Gemini Nano On-Device Function Calling for Android: Structured Output, Token Budget Constraints, and the Architecture That Makes Offline AI Agents Practical

TL;DR

Gemini Nano now supports on-device function calling and structured JSON output, which makes offline-capable AI agents viable on Android. But the 32K context window and quantized model hallucinations demand a different architecture than cloud-first approaches. This post covers what that architecture looks like in production, where it breaks, and the WorkManager + Room pipeline that keeps everything reliable.

The on-device shift after I/O 2026

Google’s expansion of Gemini Nano capabilities at I/O 2026 moved on-device AI past smart autocomplete into genuine agent territory. Function calling and structured output are the two features that matter. Your app can now define tool schemas, send them to a local model, and receive structured JSON actions, all without a network round-trip.

In my experience building production systems, “works in the demo” and “works on a user’s mid-range phone” are separated by a canyon of architectural decisions. I’ll walk through the ones that matter.

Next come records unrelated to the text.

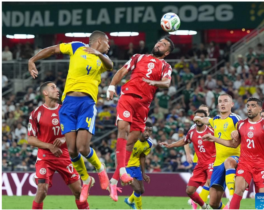
ट्युनिशियाकडून ओमर रेकिकचा एकमेव गोल; स्वीडनने 'फ' गटातील सामन्यात निर्माण केला दबदबा; विश्वचषक फुटबॉल स्पर्धेत ट्युनिशियाविरुद्ध दोन शानदार गोल करून

मॉन्टेरी (मेक्सिको) : यासीन अयारीने केलेल्या दोन गोलच्या जोरावर स्वीडनने २०२६ च्या विश्वचषकात आपला दबदबा निर्माण करताना 'फ' गटातील सामन्यात ट्युनिशियाचा ५-१ असा पराभव केला. या मोठ्या विजयासह स्वीडनने गटात गुणतालिकेत अव्वल स्थान पटकावले. स्वीडनच्या या विजयात अलेक्झांडर इसाक आणि व्हिक्टर ग्योकेरेस यांनी प्रत्येकी एक गोल करण्यासह एका गोलसाठी सहाय्य केले. अन्य एक गोल मथायस स्वानबर्गने नोंदवला. जागतिक क्रमवारीत ३९ व्या स्थानावर असलेला स्वीडनचा संघ २०२२ च्या विश्वचषकासाठी पात्र ठरू शकला नव्हता. दुसरीकडे, ट्युनिशियासाठी ओमर रेकिकने एकमेव गोल केला. वडिलांच्या देशाबद्दल आदर पहिल्या गोलनंतर अयारीने जास्त जल्लोष केला नाही; त्याने ट्युनिशियाबद्दल आदर व्यक्त करण्यासाठी फक्त आपले हात वर केले, कारण त्याच्या वडिलांचा जन्म ट्युनिशियामध्ये झाला आहे.
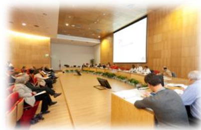
“PMEX SEIXAL I” - Instalação da CMPC, Avaliadores e Observadores. CMS, 2011

O Exercício contou ainda com o apoio do CDOS de Setúbal na constituição de uma Equipa de Avaliadores.
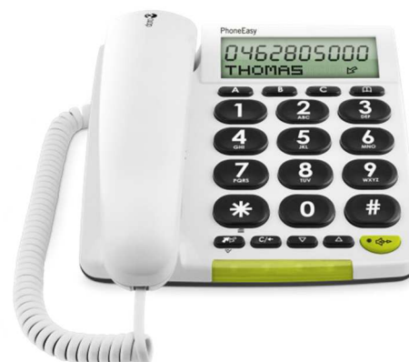
Doro PhoneEasy 312cs
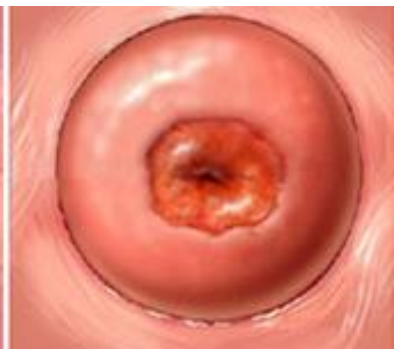
Rød plet og irritation

Sådan ser livmoderhalsen ud. Ved den gynækologiske undersøgelse er livmodermunden rød, irriteret og blødende ved berøring. Vævsprøverne viser som regel inflammation, som er en irritationstilstand.
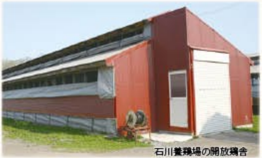
石川養鶏場の開放鶏舎
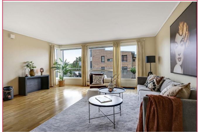
Ut fra stuen er balkongen
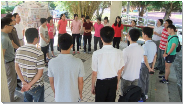
▲弟兄姊妹於接觸人之前一同禱告

這兩週的早晨，我們除了一同複習特會信息，也追求『活力排的訓練與實行』一書，豫備在本學期落實
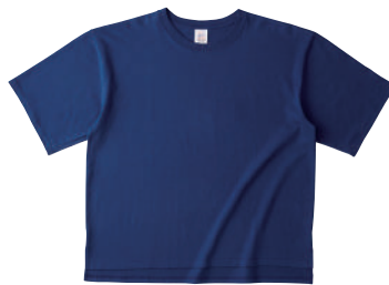
19 DBL Dブルー
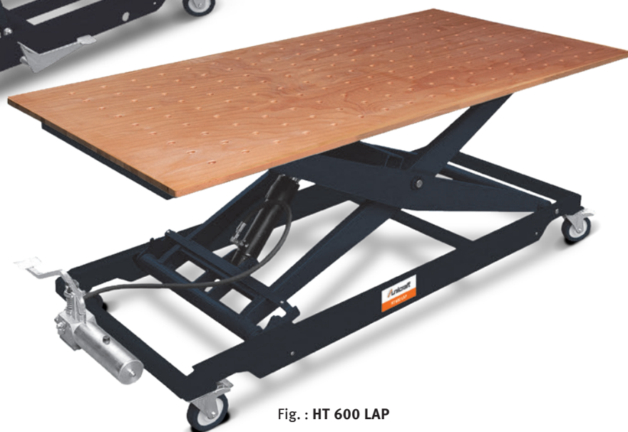
Fig. : HT 600 LAP
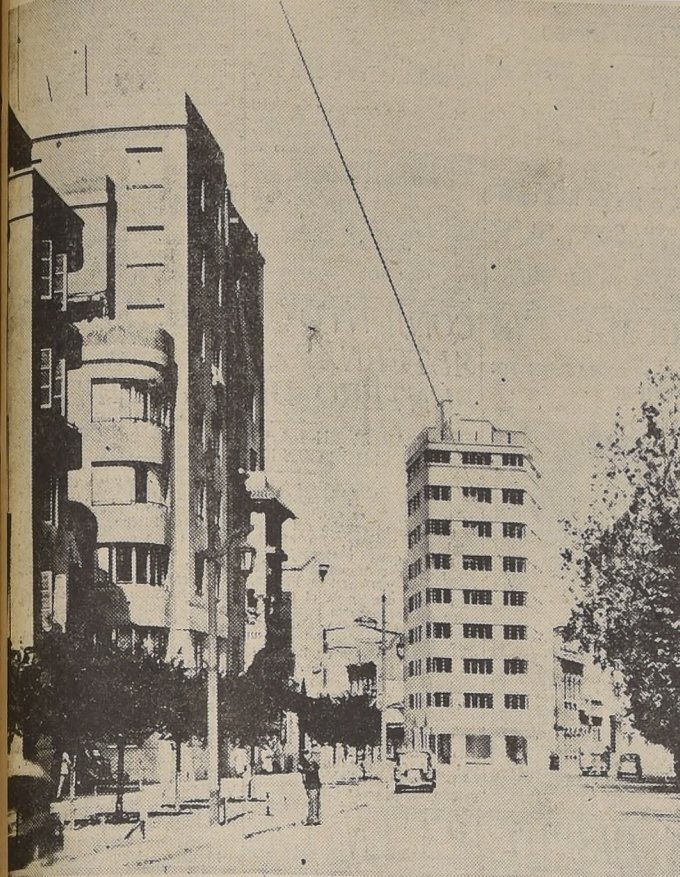
Interesante composición fotográfica, en la que se puede apreciar el aspecto que presentará este moderno y bien ubicado edificio

Hermoso y confortab'e edificio de departamentos se está construyendo frente al Parque Forestal

The 32K token budget problem

Cloud Gemini Flash gives you a generous context window. Gemini Nano gives you roughly 32K tokens on-device. That budget must cover your system prompt, tool definitions, conversation history, and the model’s response. Most teams get this wrong by porting their cloud schemas directly.

A cloud-friendly tool schema for a calendar agent might define 15 tools with rich descriptions. On-device, you need to be surgical.

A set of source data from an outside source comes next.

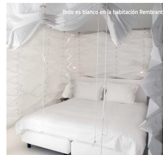
Todo es blanco en la habitación Rembrandt.
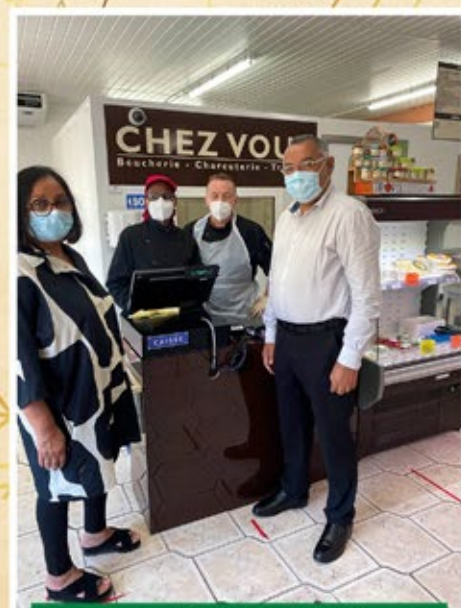
Boucherie Chez Vous - L. TOUZAÏN
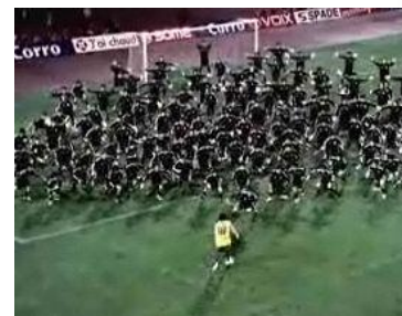
三井住友海上 「GK 大きな安心篇/GK 多めの安心篇」 (サッカー：ユキヒデ)
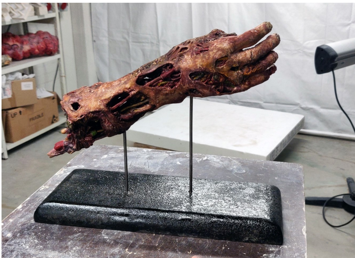
Kuva 4. Värjätty taikataikinakokeilu (Lilja 2020)

kokeilun värjäsin edellä mainitsemani menetelmällä, muotokieleltään opinnäytetyötä vastaavassa koeteoksessa koin tuon värittämisen aiheuttavan liian helpon miellelyhtymän kohti elokuvien rekvisiittaa (kuva 4).
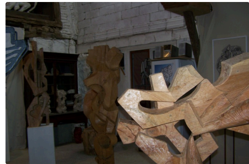
Exposition de ses œuvres dans l'atelier
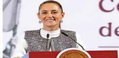
La mejor forma de fortalecer las economías de México y de EU es con integración económica sin aranceles, afirmó Sheinbaum.

Lo mejor para impulsar las economías de México y de Estados Unidos es mantener la unión, ya que así se compete mejor frente a otras regiones del mundo, aseguró la presidenta Claudia Sheinbaum. En su conferencia matutina, resaltó que, por el interés nacional, siempre hará lo que le convenga a México, por lo que buscará el diálogo con el gobierno de Estados Unidos. "Ha habido una relación de respeto, de diálogo y queremos que siga así, y vamos a poner todo de nuestra parte para que siga así", indicó. "Lo que nosotros, en todas las mesas de trabajo hemos planteado, es: mejor estar juntos, competir mejor frente a otras regiones del mundo, que separarnos". Sheinbaum dijo que "hay que tomar las cosas con mesura y no responder de
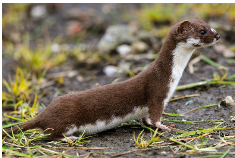
Slika 18. Lasica u prirodi
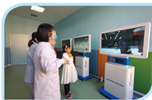
多媒体情景互动训练系统
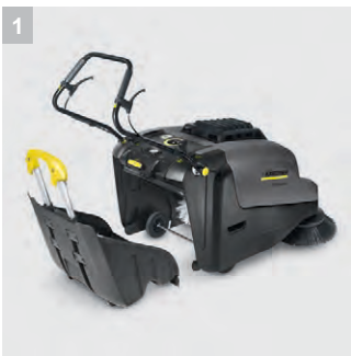
1 Контейнер для мусора

"Что может быть легче, чем подметать" Ручная подметальная машина с питанием от батареи и электронноуправляемой подзарядкой. Отсутствие выхлопных газов, низкий уровень шума, используется для тщательной, без пыли очистки площадей от 600 кв.м., идеально подходит для использования внутри помещения. Подходит для чистки ковров с дополнительным комплектом для чистки ковров. Проста в использовании благодаря концепции управления EASY и мобильному контейнеру для мусора с троллейной системой. Компактные размеры для легкого маневрирования.

// Bad: verbose schema that eats your token budget
val cloudSchema = Tool(
    name = "create_calendar_event",
    description = "Creates a new calendar event with the specified title, " +
        "date, time, duration, location, attendees, recurrence pattern, " +
        "reminder settings, and optional notes...",
    parameters = /* 12 parameters with long descriptions */
)

// Good: minimal schema optimized for on-device budget
val nanoSchema = Tool(
    name = "cal_create",
    description = "Create event",
    parameters = listOf(
        Param("title", "string", required = true),
        Param("iso_time", "string", required = true),
        Param("dur_min", "int", required = true)
    )
)

The numbers tell the story. A trimmed schema set of 5 tools consumes roughly 800-1,200 tokens, leaving headroom for meaningful conversation context. A verbose 15-tool schema can eat 4,000+ tokens before a single user message.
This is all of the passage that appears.